Boy, have things changed! For one thing, there are scads of places to stay, motels in all price-ranges and more B&Bs than ever before. I stayed in something called the Microtel in Breaux Bridge for the breathtaking fee of $38 a night. It was clean, comfortable, and looked like it had been built last week. Across the street was a rice-field and smack at the turnoff to it was a branch of
Cajun Claws, the legendary Abbeville crawfish joint.
I woke up early on Wednesday morning and took a drive up I-45 to Ville Platte. It's a bit out of the way, up on the prairie, but I had an agenda. The Piggly Wiggly supermarket there used to sell Mr. Allen Ortego's Pimenté Sauce, which was like Tabasco, but hotter and more flavorful. It was probably the best hot sauce I ever used, and I finally had to toss my last bottle in Berlin when it became too funky to use. Thing is, Mr. Allen is now 91, and, while he's still alive, he's not making hot sauce any more. Moreover, according to the nice lady at the Chamber of Commerce/Tourist Information Center, he sold the grocery where he used to make it.
On a friend's recommendation, I asked if they could recommend a hot sauce, and one of the guys at the butcher counter came back with a bottle unmarked except for a C on the cap, offering to sell it to me, but I was going to take it back to France, so I didn't want anything without a label. I wish I had a kitchen to cook in, though: the tasso and other smoked meats in their display case were utterly fantastic-looking and made me want to whip up a mess of jambalaya.

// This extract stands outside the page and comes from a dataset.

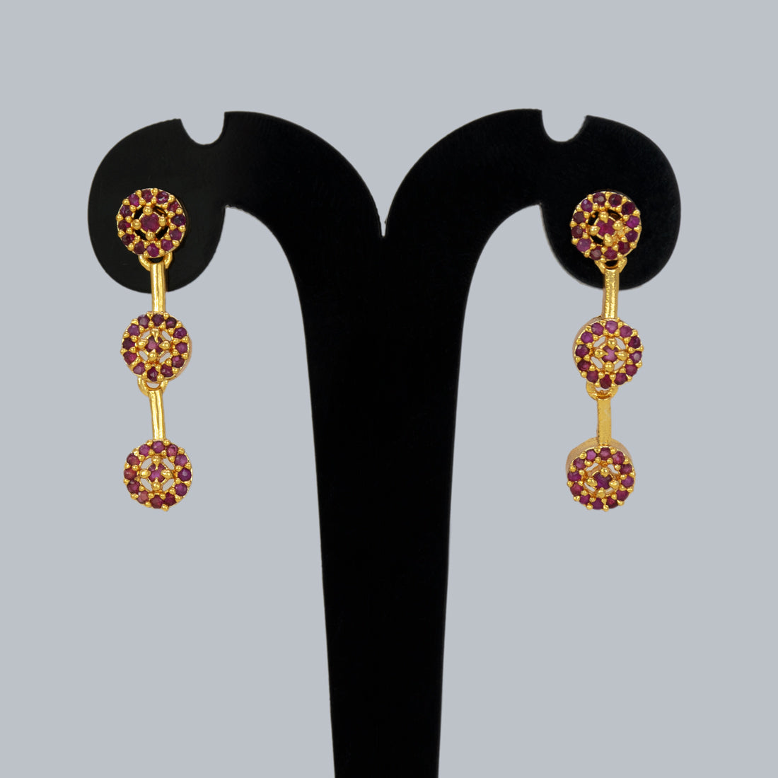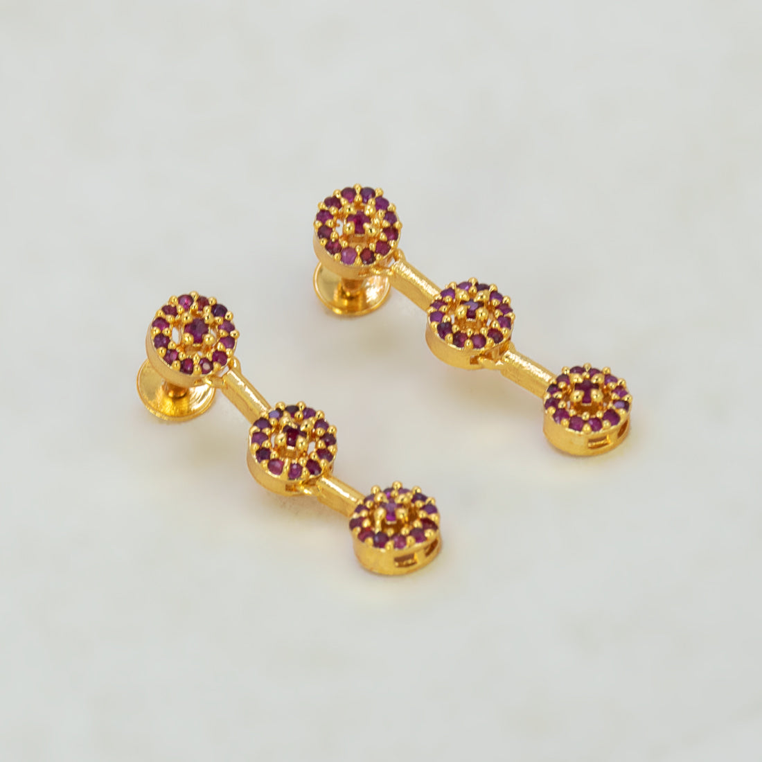 चमकदार अमेरिकी हीरों से जड़े स्टाइलिश गोल्ड-प्लेटेड ट्रिपल फ्लोरल सीजेड ड्रॉप इयररिंग्स। पार्टियों, शादियों और त्योहारों के लिए एक आदर्श एक्सेसरी।

I settled for a boudin link, which I managed to take a bite out of -- my first in over ten years, okay? -- before photographing it.
It was just what I wanted at 10:30 in the morning and made me nostalgic for the boudin I used to bring back to Texas and serve alongside bacon and eggs on a Sunday morning.
With no Ortego's, I stopped in for an obligatory visit with Floyd Soileau, who'd run the Swallow Records label and recorded a bunch of local talent during his reign, and whose store is now pretty barren inside.
Ace Records in London has a bunch of it on CD, though.
Having done this (and attempted to "parler Francais," with him, since the door has a now-ubiquitous sign on it saying "Nous sommes fier de parler Francais," "We're proud to speak French," which shows how times have changed), I figured to take the long way back to my hotel, where I'd prepare for my afternoon of interviewing.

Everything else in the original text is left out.